Ali Azmat and Noori Performing live at Cornetto Pop-Rock Concert at Rock Musicarium, Islamabad

That “level of autonomy” perhaps suggests that the artists were given a carte blanche, as opposed to the pressure of producing music that is solely meant for promoting the brand itself; encouraging indeed for musicians. If anything, during a period when the ambition for Pakistani singers mostly seemed to be to feature in Bollywood on the back of a hit single, musicians working with a brand and producing music in Pakistan for the Pakistani audience is bound to encourage others to follow the same path.

Where the auditions in universities and colleges boosted the youth’s interest and participation with local music, the concerts brought stars as big as Ali Zafar, Q, Ali Azmat and Noori, amongst others, out of television sets and into public venues for the pleasure and surprise of thousands of young boys and girls.
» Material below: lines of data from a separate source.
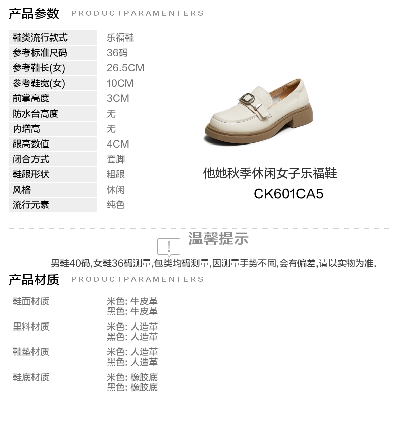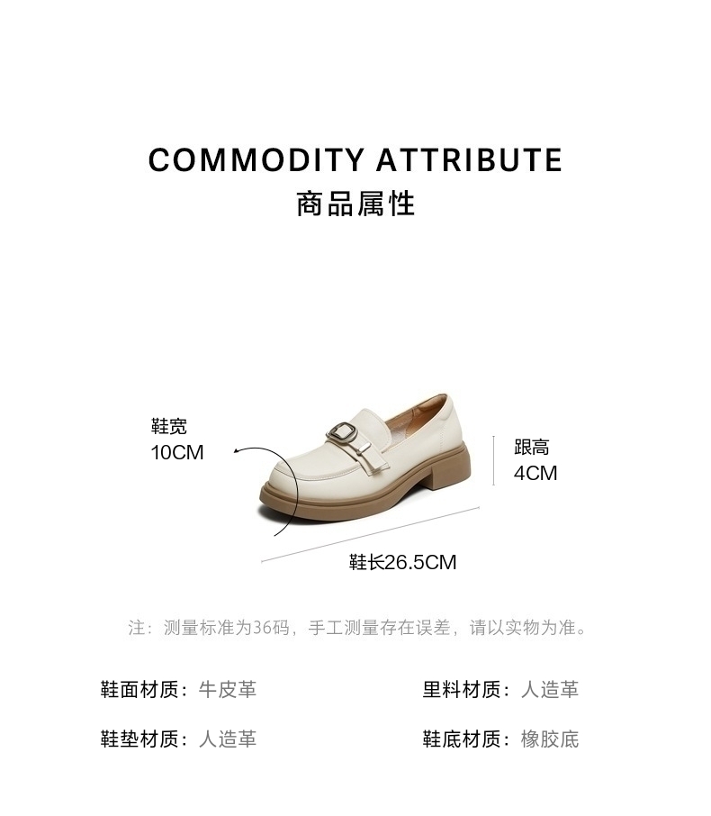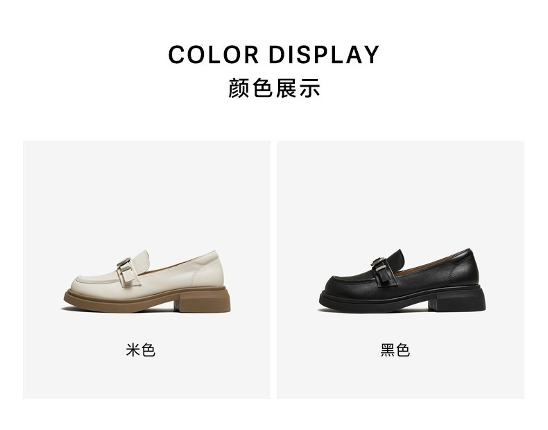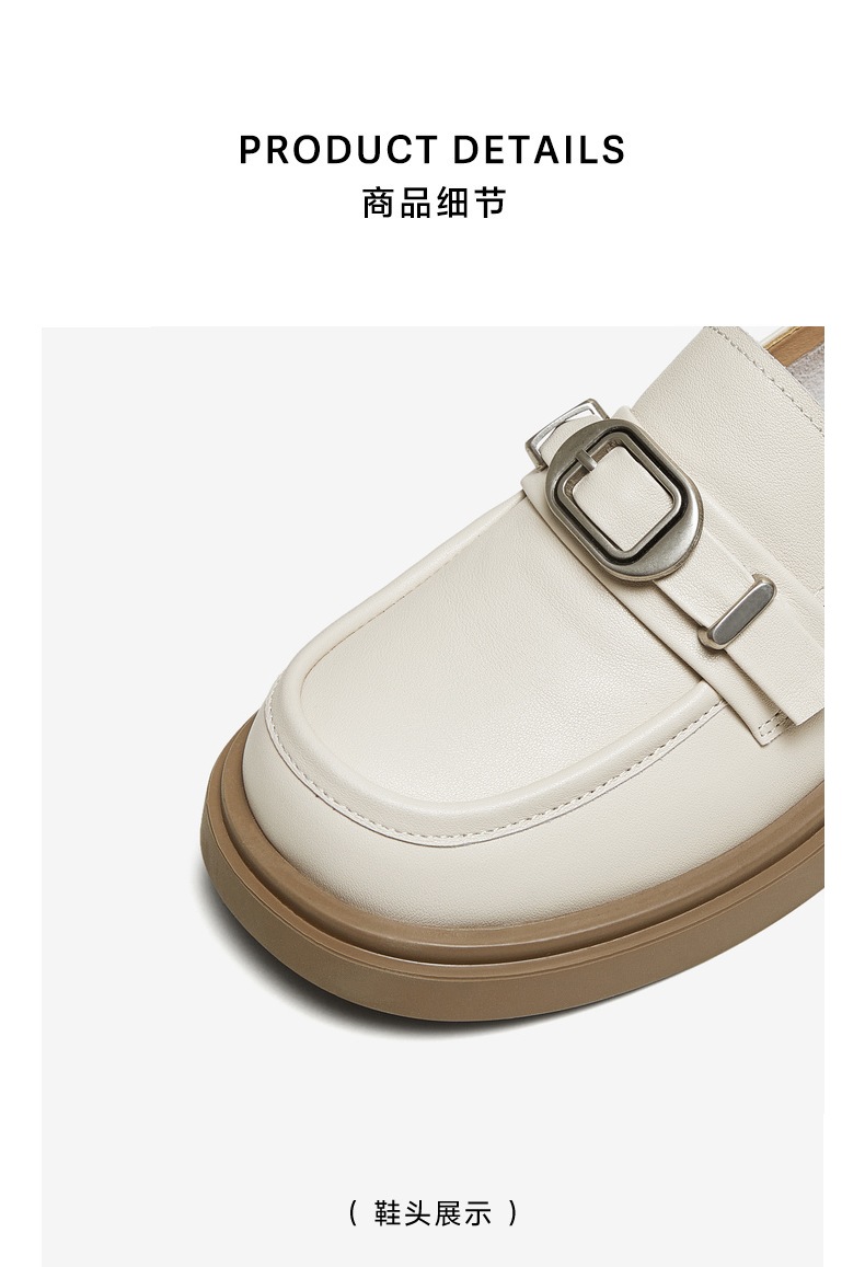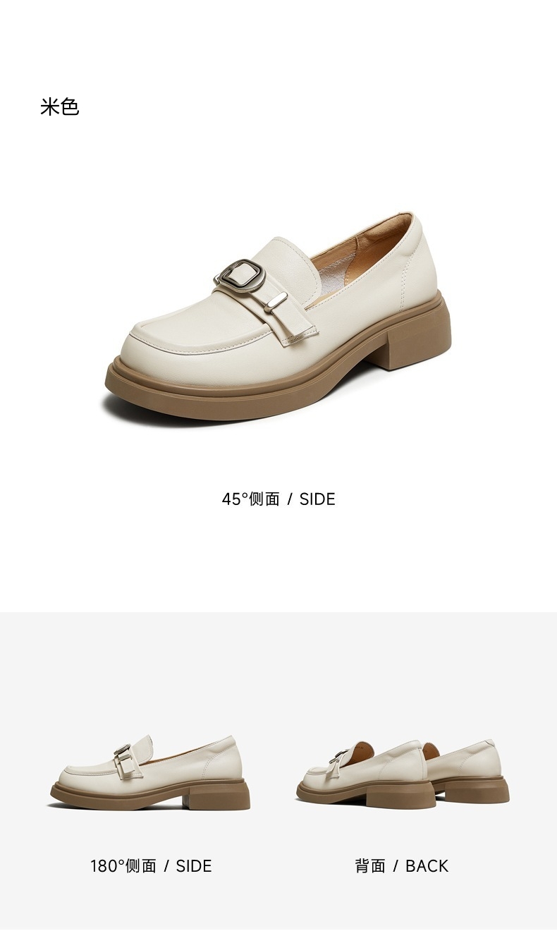| 配跟:有 | 上市时间:2025年秋季 | 鞋类流行款式:乐福鞋 | 鞋头款式:圆头 | 鞋面图案:纯色 |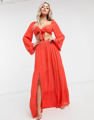 ASOS DESIGN - Ensemble de plage long noué devant - Rouge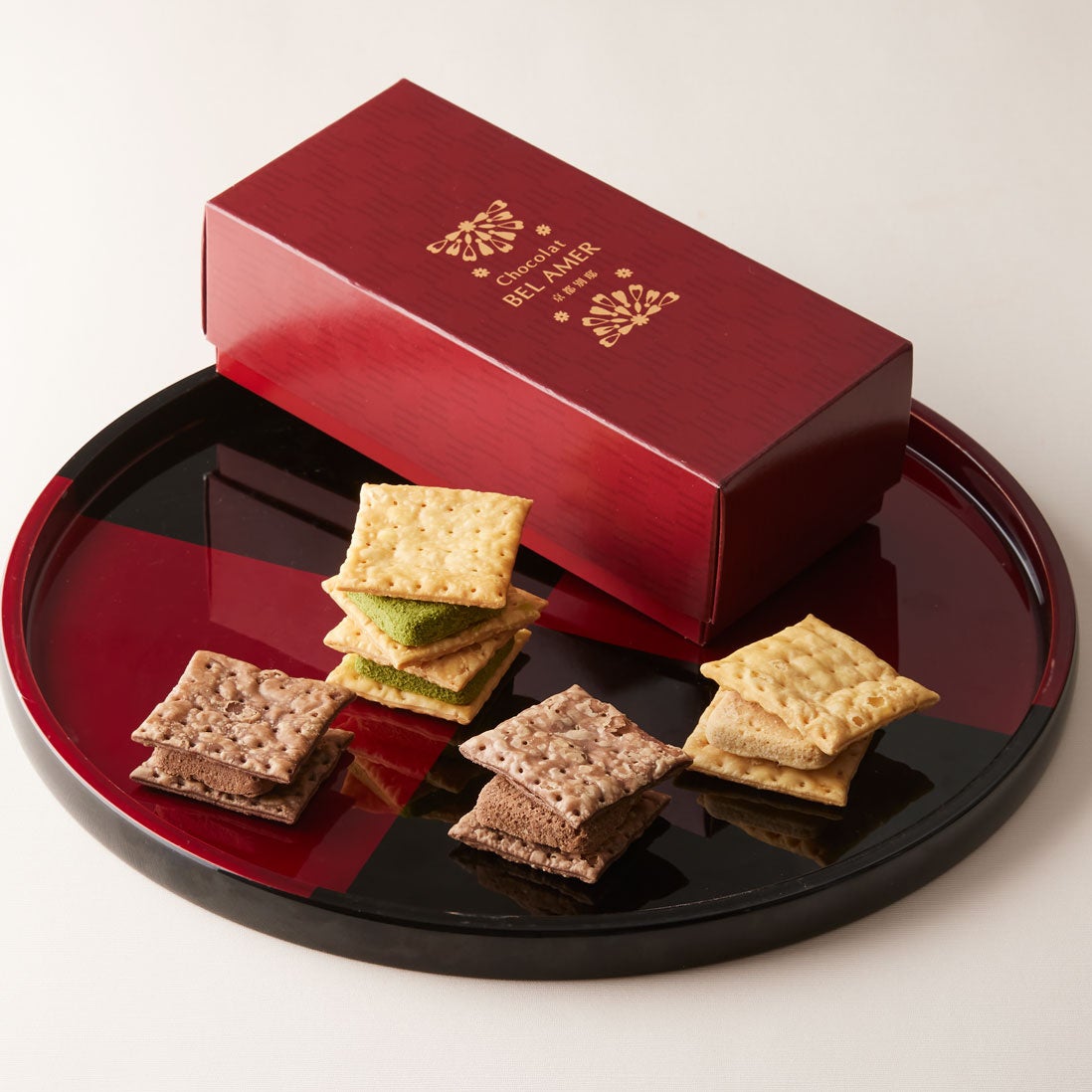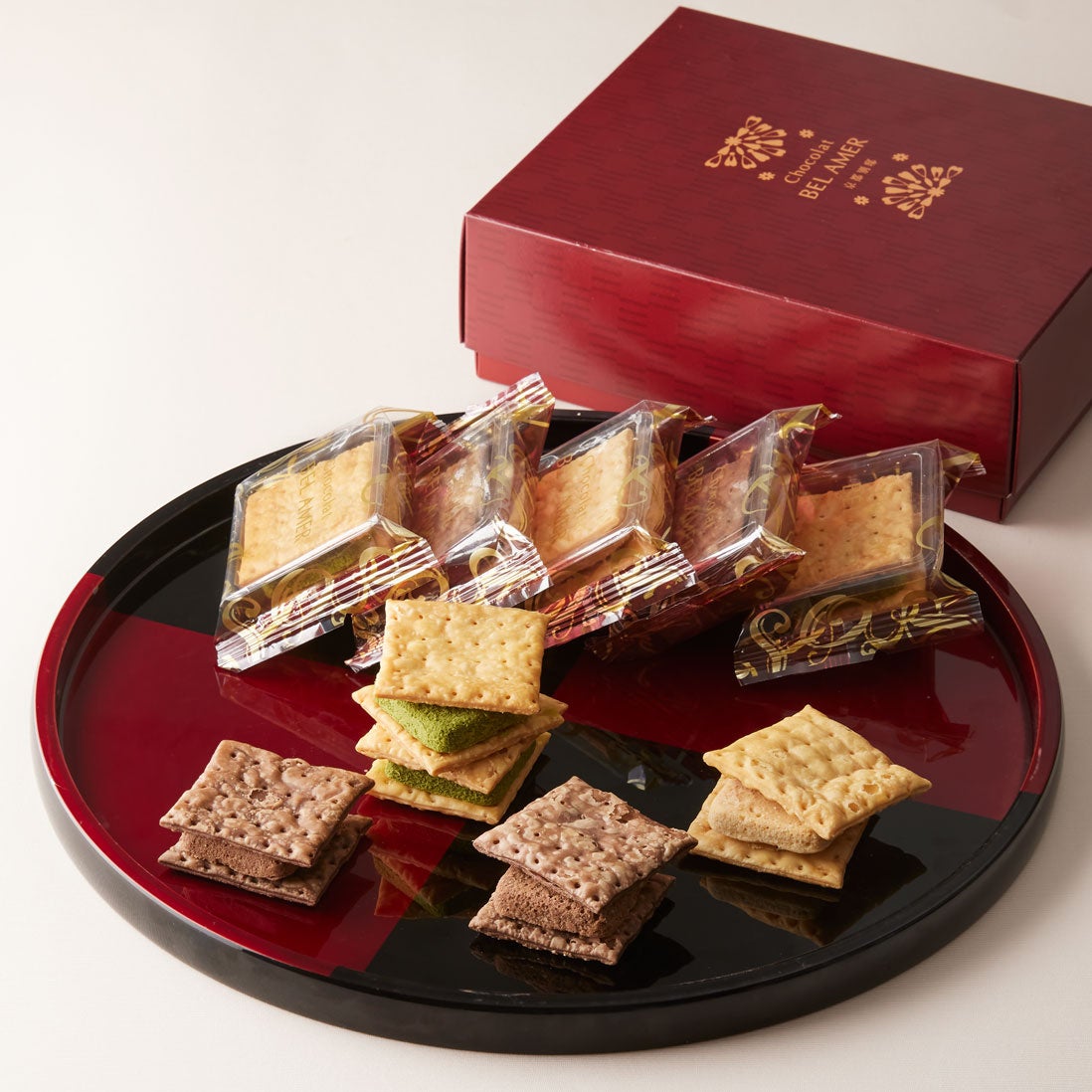 京都産抹茶を使用した爽やかな苦みの焼きチョコをサンドした”抹茶”、りんごパウダーを練り込んだ焼きチョコをサンドした"林檎"、キャラメルとアーモンドパウダーを練り込んだ焼きチョコをサンドした"キャラメル"が登場。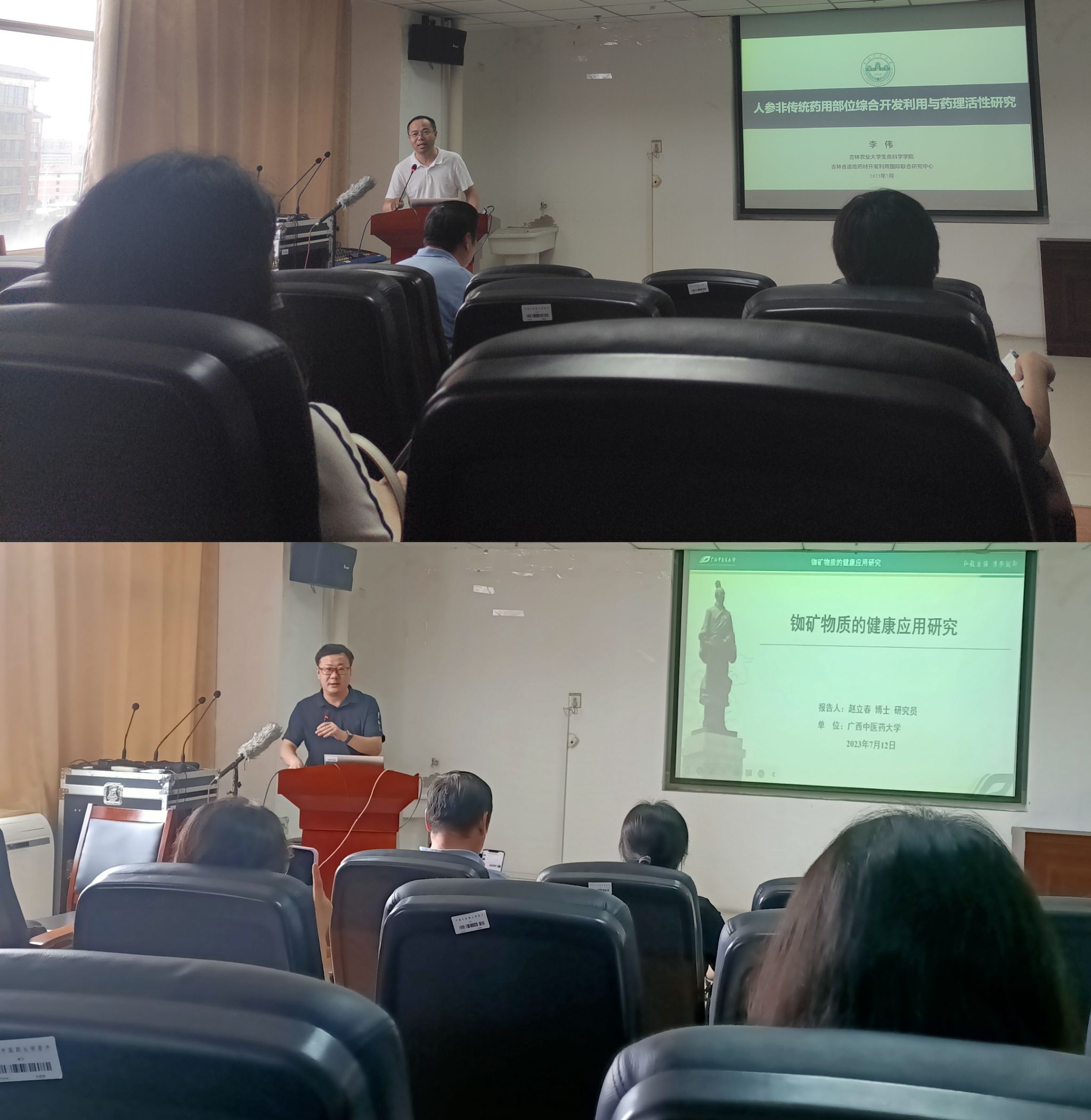 本网讯(文/杨林林 图/李堂帅 李秀清)2023年7月12日,由leyu·乐鱼(中国)体育官方网站科学技术处主办、药学院承办的“百家论坛”在教学综合实验楼6楼BN617学术报告厅进行,吉林农业大学李伟教授应邀作“人参非传统药用部位综合开发与药理活性研究”专题讲座,广西中医药大学赵立春研究员应邀作“铷矿物质的健康应用研究”专题讲座,leyu·乐鱼(中国)体育官方网站师生80余人听取讲座,药学院副院长董诚明主持报告会。

Numbers at the concert and the feedback that the artistes got ensured that the arena is still very much open to the revival of the concert culture that was alive a couple of decades ago. On the other hand, it should also encourage more such initiatives. Having gathered such massive crowds it would be a shame to not do this on a regular basis, given how diverse and vibrant our music can be.

If not speaking of the concept was a pity, then not getting a word in on the songs would be a sin. To put it mildly, the effort on the whole was an amalgam of creative geniuses proving just what they are capable of once they put their heads together; which is something the number of hits on Cornetto Pakistan’s Youtube channel can readily verify. Whether it was Amaan Ahmed’s direction, wardrobes from the most sought-after Pakistani designers or the pulsating guitar riffs; it all hit just the right note. As said before, where western elements make the music exciting, the challenge was keeping Pakistani originality alive. Take Desan Da Raja for instance: a wedding number that emulates a techno vibe as soon as Q enters the fray. And then there was no lack whatsoever of sheer power. Be it

Be it Dildara, the trippy Pyar Wyar or Ali Azmat’s POV Mein, which backed by acoustics, carried the emotion oh-so-sublimely-well.

Speaking of emotion, it is hard to forget the gushing nostalgia that one gets from Jhoom and Yeh Zindagi. Both songs, though so different in nature, give way to a similar set of emotions.

There’s an indie feel to Jhoom that is perfectly in sync with what the song emotes; hope and ambition.

The challenge now for the producers is to persist with resisting monotony and targeting experimentation. One can only hope that in their song Dildara for Cornetto Pop Rock Season 1, Ali Noor and Ali Azmat meant it when they said Mera tumhara, chalta rahega, safar yeh humara!